▸ **INPUT DATA**
+-------+

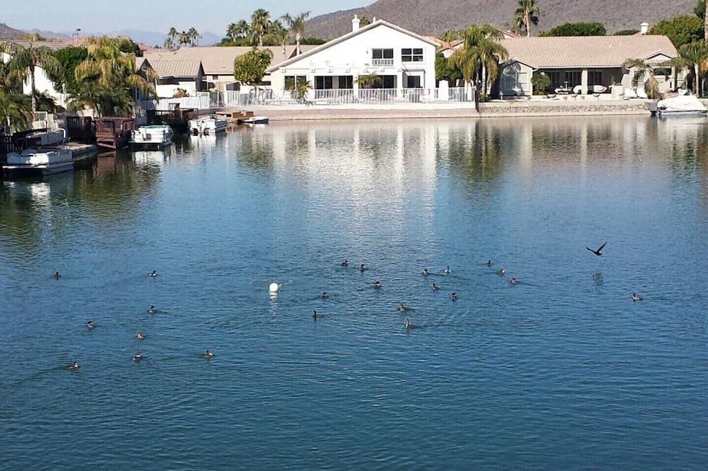 This house is a single detached residence. Great location - convenient to shopping and 10 minutes away from the University of Phoenix stadium. Private**HEATED** pool. Catch and release fishing. Pedal, pontoon boats and a BBQ are available for your use. Four ( 4 ) flat screen tvs : 65 in, 55 in, 43 in, and 40 inch. DIRECTV. NETFLIX and AMAZON PRIME........read more
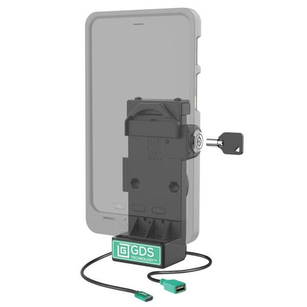 - Spring-loaded, locking dock featuring GDS® Technology™ uses an integrated pogo pin connector to provide high-speed charging and connection to one additional USB peripheral
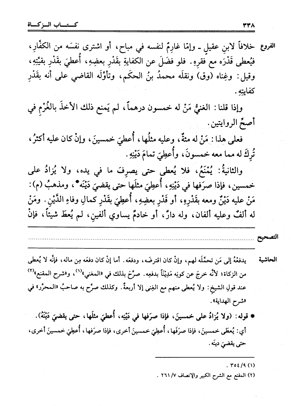 خِلَافًا لِابْنِ عَقِيلٍ وَإِمَّا غَارِمٌ لِنَفْسِهِ فِي مُبَاحٍ، أَوْ اشْتَرَى نَفْسَهُ مِنْ الْكُفَّارِ، فَيُعْطَى قَدْرَهُ مَعَ فَقْرِهِ، فَلَوْ فَضَلَ عَنْ الْكِفَايَةِ بِقَدْرِ بَعْضِهِ أُعْطِيَ بِقَدْرِ بَقِيَّتِهِ وَقِيلَ: وَغِنَاهُ "وق" وَنَقَلَهُ مُحَمَّدُ بْنُ الْحَكَمِ، وَتَأَوَّلَهُ الْقَاضِي عَلَى أَنَّهُ بِقَدْرِ كِفَايَتِهِ.

+-------+

▸ **TASK DETAILS**
Copy the data above line for line, skipping every picture.

▸ **WRITTEN ANSWER**
 This house is a single detached residence. Great location - convenient to shopping and 10 minutes away from the University of Phoenix stadium. Private**HEATED** pool. Catch and release fishing. Pedal, pontoon boats and a BBQ are available for your use. Four ( 4 ) flat screen tvs : 65 in, 55 in, 43 in, and 40 inch. DIRECTV. NETFLIX and AMAZON PRIME........read more
 - Spring-loaded, locking dock featuring GDS® Technology™ uses an integrated pogo pin connector to provide high-speed charging and connection to one additional USB peripheral
 خِلَافًا لِابْنِ عَقِيلٍ وَإِمَّا غَارِمٌ لِنَفْسِهِ فِي مُبَاحٍ، أَوْ اشْتَرَى نَفْسَهُ مِنْ الْكُفَّارِ، فَيُعْطَى قَدْرَهُ مَعَ فَقْرِهِ، فَلَوْ فَضَلَ عَنْ الْكِفَايَةِ بِقَدْرِ بَعْضِهِ أُعْطِيَ بِقَدْرِ بَقِيَّتِهِ وَقِيلَ: وَغِنَاهُ "وق" وَنَقَلَهُ مُحَمَّدُ بْنُ الْحَكَمِ، وَتَأَوَّلَهُ الْقَاضِي عَلَى أَنَّهُ بِقَدْرِ كِفَايَتِهِ.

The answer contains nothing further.